In spite of this unfortunate experience with my old Mits, I'm told mine was an unusually rare type of failure, so I'm definitely not poisoned against the brand. Believe me, I've looked in the stores and the new Mits DLP is 'where it's at' as far as i'm concerned. The new Mits DLPs have also been recommended to me by 3 other people so I'm going back for another. After seeing the 65731 in the store I'm about to pee my pants waiting for the *65732*.

Don't know how much there is to this, but I've also been told that the *732* series will only be available through the high-end specialty stores, which of course precludes price wars with Best Buy, etc. and generally prostituting the product in the marketplace. Yes, quite frankly it irritates me to see 'Bubba' hauling one home in the back of his pickup for $500 or so less than I paid, so this restricted availability appeals to me. Not too sure I'd want "The Geek Squad" of prepubescent pimple-faced kids making the adjustments either. Call me old-fashioned, I appreciate the extra level of care and personal attention you get from the professional and adult staff at the high-end stores.

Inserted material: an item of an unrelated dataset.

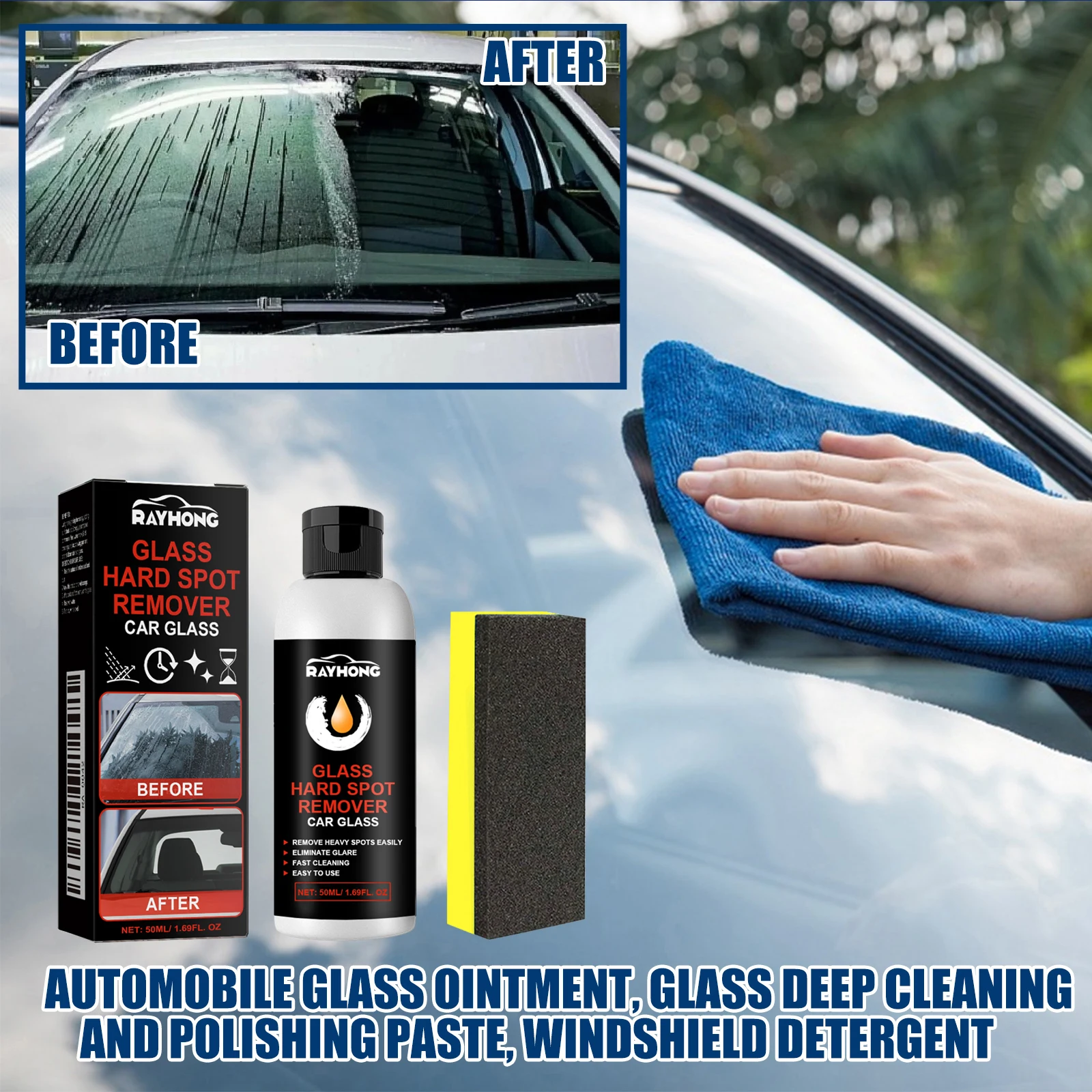 Features: 1.Versatile For Multiple Scenarios: Designed for household and automotive use, this paste is suitable for car windshield, rear and side windows, mirrors, as well as bathroom glass and home glass doors. automobile glass polishing paste formula ensures value no matter the cleaning task. 2.Thorough Deep Cleaning Power: Penetrates surfaces to break down oil films, water scale, stains, and fingerprints, efficiently restoring clarity to glass. scratch remover kit tackles tough issues like water spots and calcium buildup on car and bathroom glass. 3.Gentle Polishing & Scratch Repair: Featuring micro-abrasive particles, it effortlessly softens fine scratches and scuffs, making the glass surface smoother. glass polishing compound leaves your windows gleaming and revitalized after each application. 4.Safe & Non-Corrosive Formula: Gentle ingredients in this cleaner protect both your hands and the glass. deep cleaner paste offers peace of mind for families, making it a healthy choice even with kids or elderly at home. 5.Easy To Apply & Quick Results: With its fine paste texture, simply use a towel or sponge for straightforward application and buffing. car windshield oil film remover delivers immediate cleaning results while saving your time and energy. Specification: Note:

We have DirecTV satellite service and have been quite happy with that for the last 6 years. Hands-down better than cable.


----------



## RollsRoyce (Apr 20, 2006)

Cap'n Preshoot: That board failure wasn't due to CRT coolant leakage, was it? I've been reading about that over on another forum, and since I also have a Mits (46807), the threat of it's making me a little nervous. :sweat:


----------



## lcaillo (May 2, 2006)

IIRC the ...807 sets have a gutter to catch any coolant. I can't recall ever having a coolant leak in one of those. Mitsubishi is not special in terms of coolant leaks. Other vendors have had the same problem. The difference is that Mits has been very accomodating to customers with OOW catastrophic failures like this.


----------